_What you have to do_
Repeat the data that follows, word for word, without the images.

_Data shown_

== Segment start ==

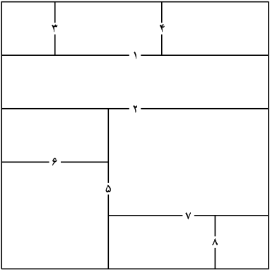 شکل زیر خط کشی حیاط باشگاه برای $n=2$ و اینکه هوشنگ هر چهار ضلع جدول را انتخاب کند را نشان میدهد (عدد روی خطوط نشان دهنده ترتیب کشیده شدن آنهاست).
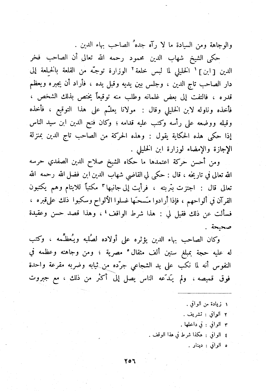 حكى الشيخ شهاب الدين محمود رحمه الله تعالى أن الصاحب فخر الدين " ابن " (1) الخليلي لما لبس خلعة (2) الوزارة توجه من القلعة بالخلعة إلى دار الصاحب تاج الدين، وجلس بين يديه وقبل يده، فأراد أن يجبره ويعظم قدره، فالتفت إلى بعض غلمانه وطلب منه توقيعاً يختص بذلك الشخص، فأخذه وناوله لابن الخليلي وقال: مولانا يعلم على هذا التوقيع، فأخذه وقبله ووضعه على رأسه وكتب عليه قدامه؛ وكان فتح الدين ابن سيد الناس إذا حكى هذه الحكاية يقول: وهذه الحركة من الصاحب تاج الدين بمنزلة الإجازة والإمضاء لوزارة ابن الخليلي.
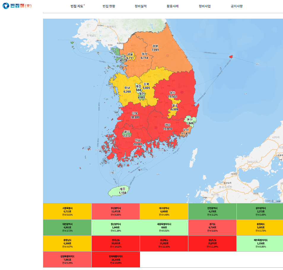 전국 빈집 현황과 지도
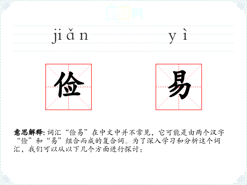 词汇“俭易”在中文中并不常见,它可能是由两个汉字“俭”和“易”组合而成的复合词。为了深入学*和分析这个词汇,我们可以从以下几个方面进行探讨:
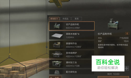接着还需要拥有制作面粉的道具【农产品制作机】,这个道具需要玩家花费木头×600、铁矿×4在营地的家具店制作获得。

== Segment end ==

_Exercise response_
 شکل زیر خط کشی حیاط باشگاه برای $n=2$ و اینکه هوشنگ هر چهار ضلع جدول را انتخاب کند را نشان میدهد (عدد روی خطوط نشان دهنده ترتیب کشیده شدن آنهاست).
 حكى الشيخ شهاب الدين محمود رحمه الله تعالى أن الصاحب فخر الدين " ابن " (1) الخليلي لما لبس خلعة (2) الوزارة توجه من القلعة بالخلعة إلى دار الصاحب تاج الدين، وجلس بين يديه وقبل يده، فأراد أن يجبره ويعظم قدره، فالتفت إلى بعض غلمانه وطلب منه توقيعاً يختص بذلك الشخص، فأخذه وناوله لابن الخليلي وقال: مولانا يعلم على هذا التوقيع، فأخذه وقبله ووضعه على رأسه وكتب عليه قدامه؛ وكان فتح الدين ابن سيد الناس إذا حكى هذه الحكاية يقول: وهذه الحركة من الصاحب تاج الدين بمنزلة الإجازة والإمضاء لوزارة ابن الخليلي.
 전국 빈집 현황과 지도
 词汇“俭易”在中文中并不常见,它可能是由两个汉字“俭”和“易”组合而成的复合词。为了深入学*和分析这个词汇,我们可以从以下几个方面进行探讨:
接着还需要拥有制作面粉的道具【农产品制作机】,这个道具需要玩家花费木头×600、铁矿×4在营地的家具店制作获得。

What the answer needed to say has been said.